==== Source material

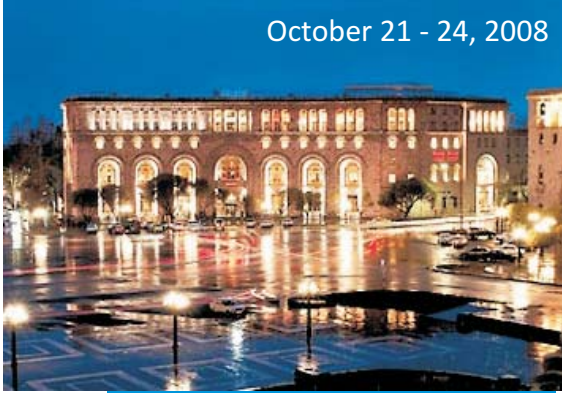
Location: Armenia Marriott Hotel Yerevan

The Global Innovation Forum in Yerevan is a follow up engagement to last year's Global Forum on Youth and ICT for Development held in Geneva, Switzerland in September. UN GAID, ITU, Athgo and many other partners brought together over 600 young people from around the world to have an open discussion on technology's role in advancing people's lives.
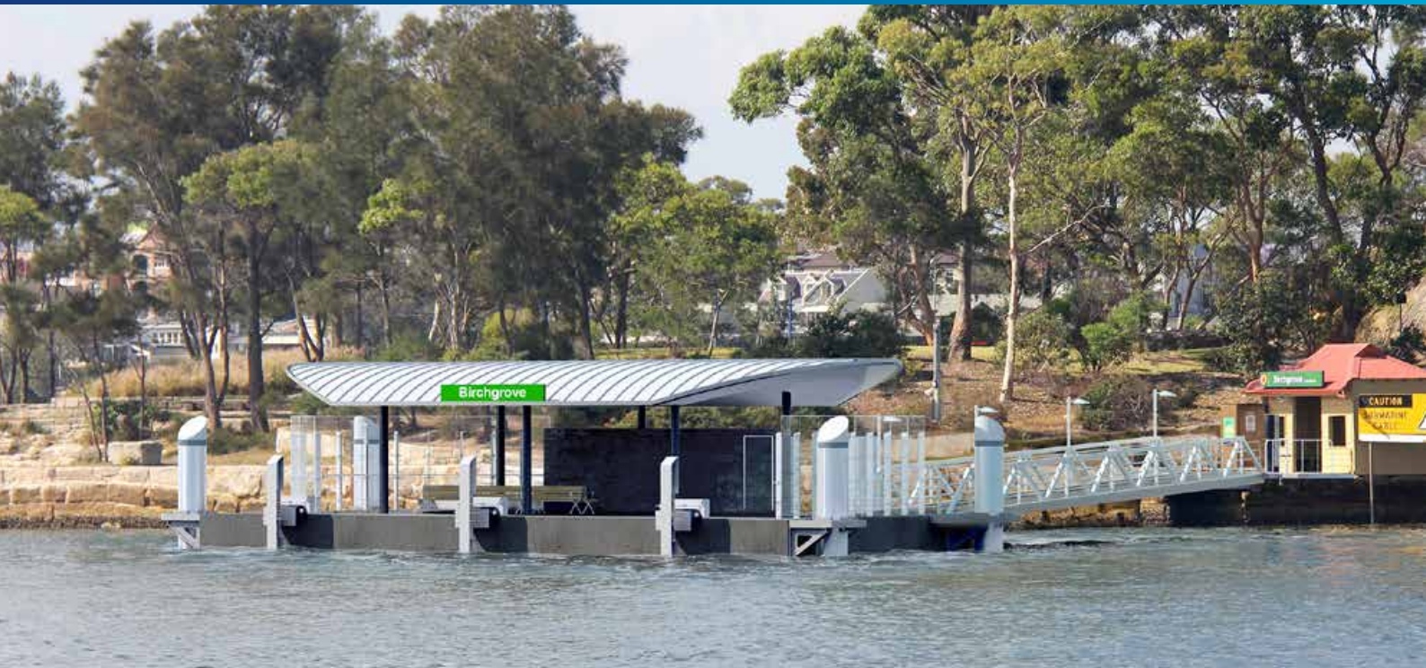
An artist's impression of the proposed new Birchgrove Wharf viewed from the water
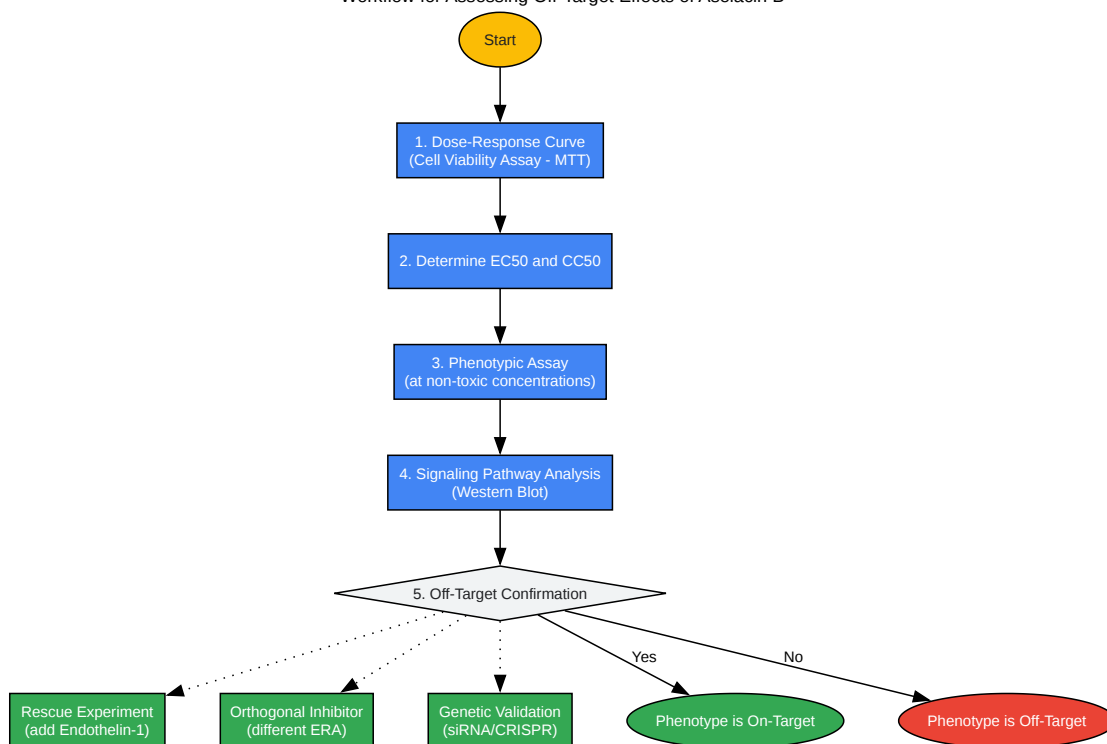
Workflow for Assessing Off-Target Effects of Aselacin B
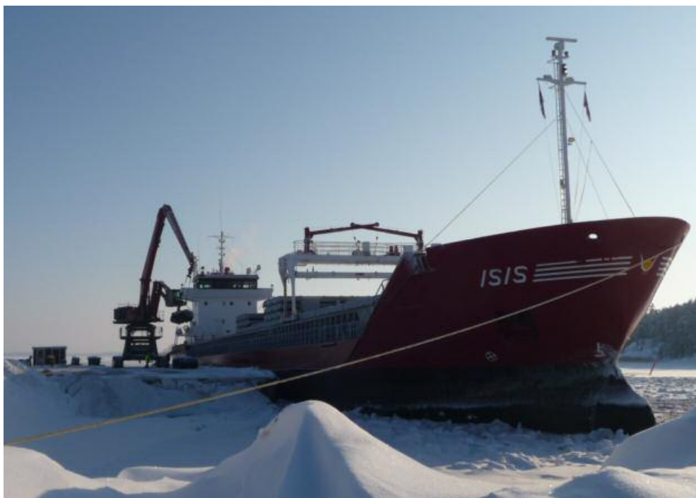
6000 tons m/v ISIS seen in Dalsbruk, Finland, loading wire rods for Italy in nice winter conditions.
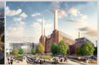
Battersea Power Station United Kingdom
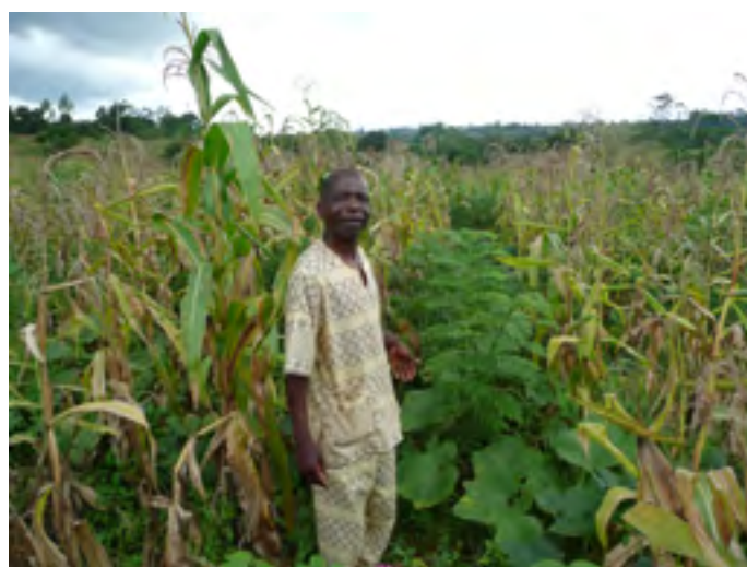
Nitrogen-fixing tree species planted within maize crops

This is the targeted use of a fast growing tree species to obtain the benefits of a natural fallow. Nitrogen fixing trees and shrubs are planted with the main aim of improving nutrient input into soil. They fix nitrogen and add organic matter to the soil. The practice is common where land is regularly fallowed especially in semiarid areas. Nitrogen fixing trees and shrubs include Sesbania sesban , Markhamia lutea (siola), Calliandra calothyrsus , Casuarina equisetifolia (whispering pine), and Leucaena leucocephala (Lusina).
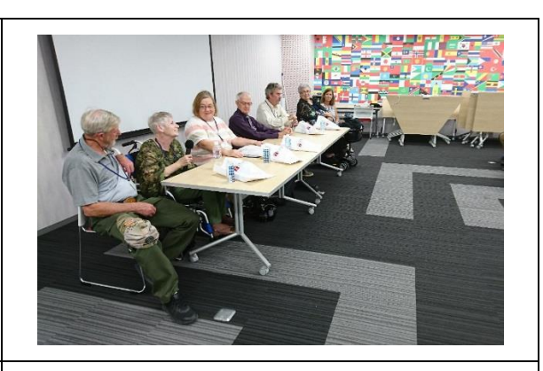
10/10 [Interaction] Temple University
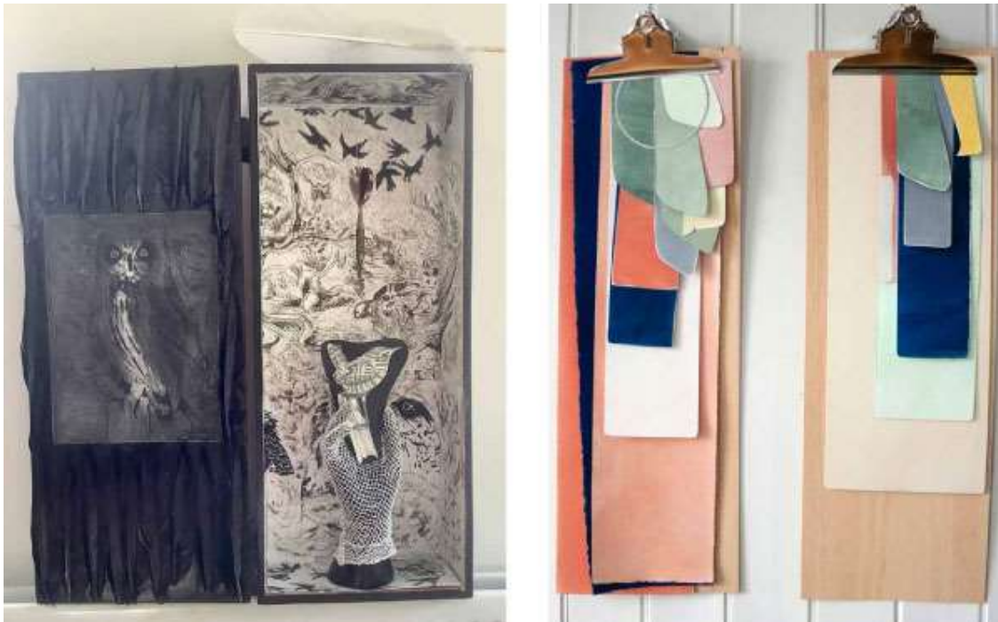
Left © Cheryl Bell Right Fi Brown

In group Z Cheryl Bell says, “This imaginative project allows artists to learn and grow by studying colleagues’ work and responding to it in our own way. My passion is nature; fractals and infinitely complex patterns repeated over and over. This is what struck me with Josie Barnes’ beautiful image; shapes repeating and undulating, like bubbles, or a cracked landscape, or scaly skin from a dinosaur or a bird. Skin and follicles and feathers – complex, repeating, protecting. ‘Flight Risk’ is about birds and their feathers, risking all for survival.”
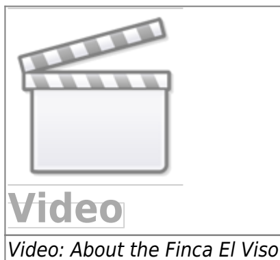
Video: About the Finca El Viso

El Viso is the perfect place to demonstrate state of the art IoT technologies supporting organic farming.
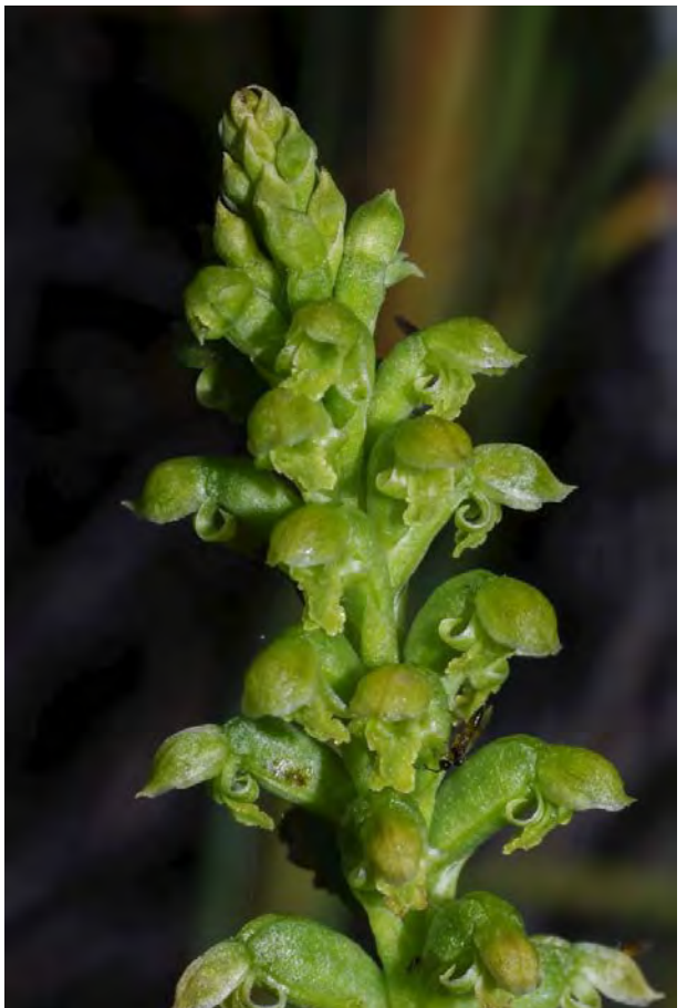
Microtis eremicola - Desert Mignonette Orchid
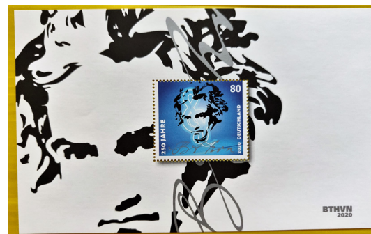
(Germany, 2020 | Beethoven 250 | Mi: DE BL85)

German painter Joseph Karl Stieler's portrayal of Beethoven in 1820 remains his most reproduced work and finds its way to many philatelic issues. The painting is striking because one can see Beethoven's determined face, defeating his sufferings.
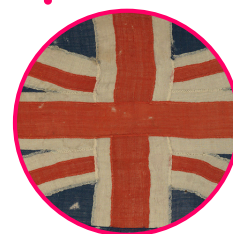
Object: British Flag (detail)
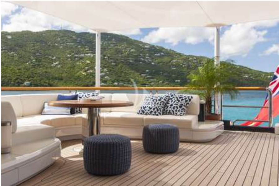
Owner's deck aft
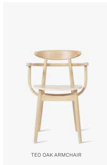
TEO OAK ARMCHAIR
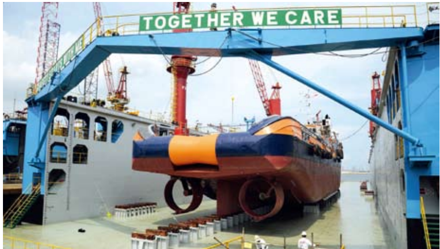
Keppel Shipyard's new Floating Dock 3 measures 170 m by 26 m and has a lifting capacity of 12,000 tonnes

Over in Azerbaijan, Keppel O&M deepened its presence in the Caspian Sea region with the
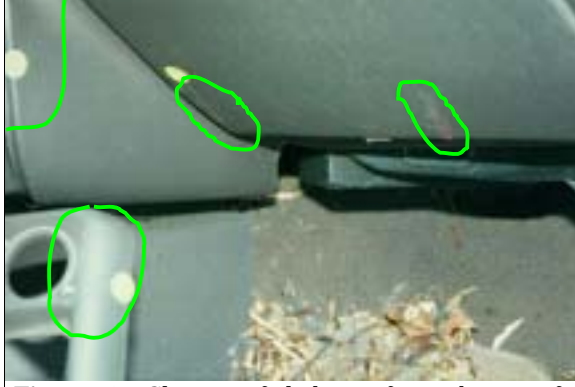
Figure 10: Close-up of cloth transfers to bottom of case vehicle's glove box door; Note: deformation to right side of center instrument panel (case photo #31)

========

**Your assignment**
Would you write out exactly the lines above, starting at the line containing "An artist's impression" and stopping after the line containing "Nitrogen-fixing tree species"? Omit the pictures.

**Solution to this exercise**
An artist's impression of the proposed new Birchgrove Wharf viewed from the water
Workflow for Assessing Off-Target Effects of Aselacin B
6000 tons m/v ISIS seen in Dalsbruk, Finland, loading wire rods for Italy in nice winter conditions.
Battersea Power Station United Kingdom
Nitrogen-fixing tree species planted within maize crops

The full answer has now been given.